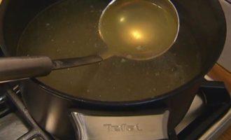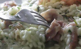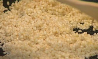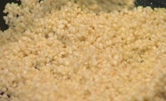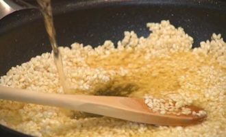 Постоянно помешивая, половник за половником добавлять бульон, давая рису впитать каждую порцию жидкости. Готовить ризотто около 20 минут, пока рис не станет сливочно-крахмальным.
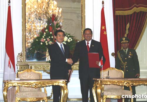圖:胡錦濤訪印尼 兩國建立戰(zhàn)略伙伴關(guān)系
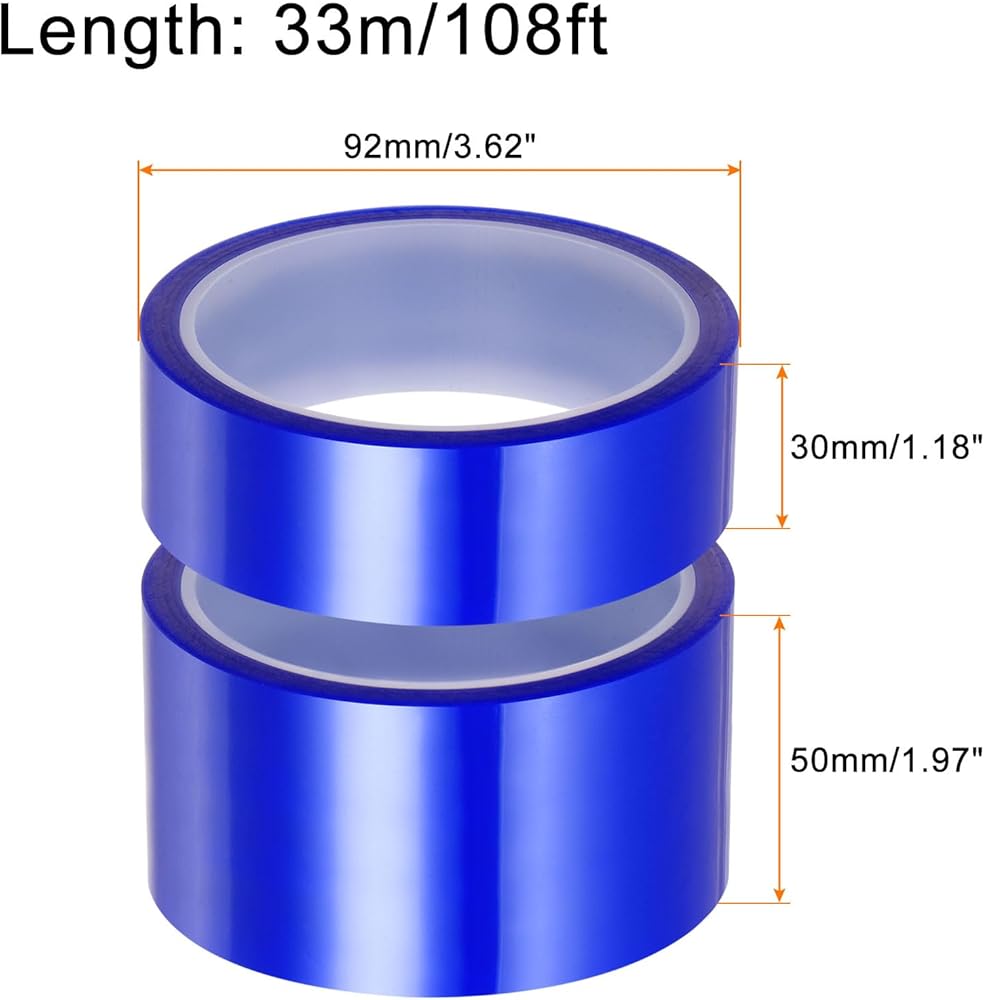 Size - Width: 30mm/1.18", 50mm/1.97"; Length: 33m/108ft; Thickness: 0.06mm; Heat resistance: Short period Heat Resistance:260℃(500°F); Long period Heat Resistance:220℃(428°F)
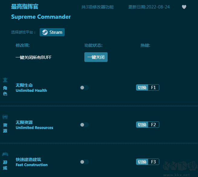 最高指挥官修改器是一款专为游戏《最高指挥官》打造的全能修改辅助工具。最高指挥官修改器提供玩家免费使用,内置无限生命,无限资源,快速建造等强力辅助,帮助玩家游戏体验更佳!感兴趣的朋友不要错过,KK下载站推荐大家下载体验!
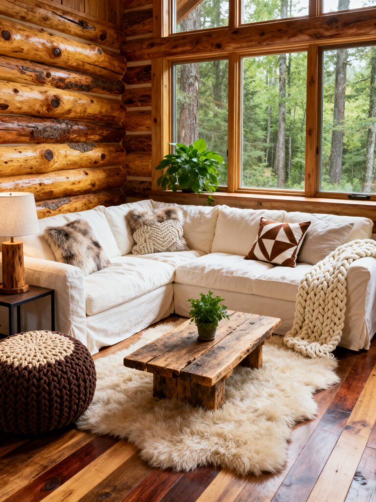 If you took a log cabin and filled it with clouds, this is what you’d get. It’s a beautiful “High-Contrast” space. You have these very dark, rugged, honey-colored log walls, and then you have this explosion of bright, white, fluffy textures.

* * * * * * * * *

- DESCRIPTION OF THE TASK
Restate word for word only the lines from where the entries begin through the one with "period Heat Resistance:220℃(428°F)"; omit the pictures.

- ANSWER BELOW
 Постоянно помешивая, половник за половником добавлять бульон, давая рису впитать каждую порцию жидкости. Готовить ризотто около 20 минут, пока рис не станет сливочно-крахмальным.
圖:胡錦濤訪印尼 兩國建立戰(zhàn)略伙伴關(guān)系
 Size - Width: 30mm/1.18", 50mm/1.97"; Length: 33m/108ft; Thickness: 0.06mm; Heat resistance: Short period Heat Resistance:260℃(500°F); Long period Heat Resistance:220℃(428°F)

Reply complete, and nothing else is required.